LLE is cheap, relatively quick to perform, and fairly simple. It also provides short method development times and is easily transferable to other labs because it is a simple approach that requires no special equipment or consumable products. When developing a LLE extraction, a few simple considerations are: In what solvents will the targets most likely solubilize (i.e. what is the log P of my target analytes?); and are the extraction solvents compatible with the analytical approach?

Although LLE is known to be simple, quick, and cheap, the major tradeoff is that LLE is not analyte specific. Co-extraction of interferences with the target compounds is a very common problem, leading to inaccurate results caused by ion suppression/enhancement. Another common problem is that LLE often requires large volumes of hazardous solvents such as petroleum ether, dichloromethane, and other organic solvents, which raise undesired environmental and health concerns. Because two immiscible solvents must be used to create a biphasic system, the choice of solvent is often limited. Additionally, the formation of emulsion from the biphasic system can produce inconsistent data.

Thus an example where LLE would be a preferred option is when a wide range of organic-soluble compounds must be analyzed from a small volume of aqueous-based sample.

QuEChERS

A widely used method, QuEChERS was first introduced in 2002 at the European Pesticide Residues Workshop in Rome. It was developed by Lehotay, et al. to extract and analyze multi-residue pesticides from food samples and was published in the Journal of AOAC in 2003. In 2005, the USDA reported a validation study for 229 analytes of varying polarities. In 2007, QuEChERS was designated as an official AOAC Method 2007.01 for pesticide residues. The main advantage of QuEChERS is its ability to remove a large quantity of unwanted interferences from a large variety of food matrices in a quick, easy, cheap, effective, rugged, and safe process. Since its creation, QuEChERS has been used with a variety of food matrices and is slowly being evaluated for other uses.
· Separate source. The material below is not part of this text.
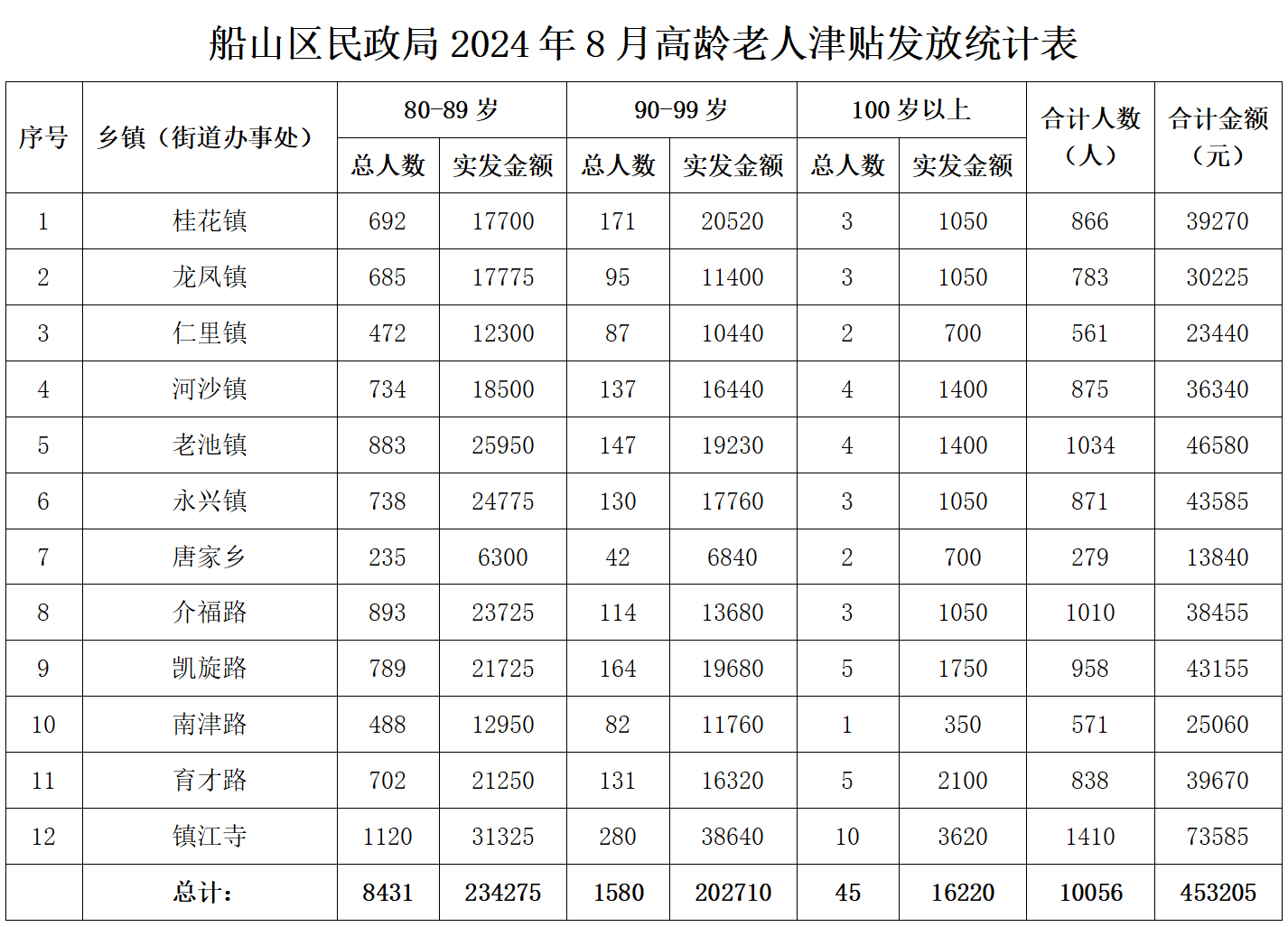2024年8月,全区共发放老年人高龄津贴10056人,共发放老年人高龄津贴45.3205万元。

The QuEChERS method is broken down into two main steps.

Step 1: Extraction. The purpose of the extraction step is to extract analytes from any given sample matrix by using a combination of solvents, magnesium sulfate (to induce phase separation and LLE partitioning), and buffering salts (to stabilize base sensitive analytes). Analytes of interest will partition into the organic solvent, and physical matrix interferences are eliminated during this extraction step. Sample matrices can be solids, semisolids, small volumes of liquid, or viscous liquids. To summarize, the following events take place during the extraction step:

• Sample is homogenized;
• Sample is transferred to an extraction tube and organic solvent and salts are added, the sample is then shook by hand;
• Extraction tube is centrifuged to pellet homogenate; and
• Top layer of solvent is extracted and is further cleaned up during Step 2.
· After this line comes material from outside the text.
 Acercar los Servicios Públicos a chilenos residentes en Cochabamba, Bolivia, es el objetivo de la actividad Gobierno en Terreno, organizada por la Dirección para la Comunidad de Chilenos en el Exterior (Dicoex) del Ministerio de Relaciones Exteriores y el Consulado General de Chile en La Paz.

Step 2: Dispersive Solid Phase Extraction (dSPE). The main purpose of the dSPE step is to remove from the sample undesired chemical matrix interferences such as lipids, organic acids, sugars, and pigments. These chemical matrix interferences are damaging to instrumentation and can lead to inaccurate results. Typically, end-capped C18 (C18E), primary secondary amine (PSA), and graphitized carbon black (GCB) SPE sorbents are used to remove these interferences. To summarize, the following events take place during the dSPE step:

• Solvent extracted from Step 1 is added to a dSPE tube that contains a combination of dSPE sorbents and salts;
• Tube is shaken by hand and centrifuged; and
• Supernatant is ready for analysis by GC and LC/MS/MS.

Although QuEChERS is a quick multi-matrix solution, it still has its drawbacks in covering specific single-class analytes that are difficult to extract or clean up from persistent interferences. In addition, because QuEChERS is mainly a manual process, automation of the procedure is not very effective. Because QuEChERS does make use of SPE sorbents, some method development to determine the best sorbent combinations is required, which can take additional time.

SPE

One of the most selective sample preparation techniques employed in food safety testing, SPE is a technique in which intermolecular interactions between a solid stationary phase and the target analyte results in the removal of contaminant and the concentration of the analyte. SPE addresses the three primary goals of sample preparation including analyte extraction, concentration, and solvent switching. It is used in a wide variety of industries and can be utilized to clean up a multitude of sample matrices and target analytes.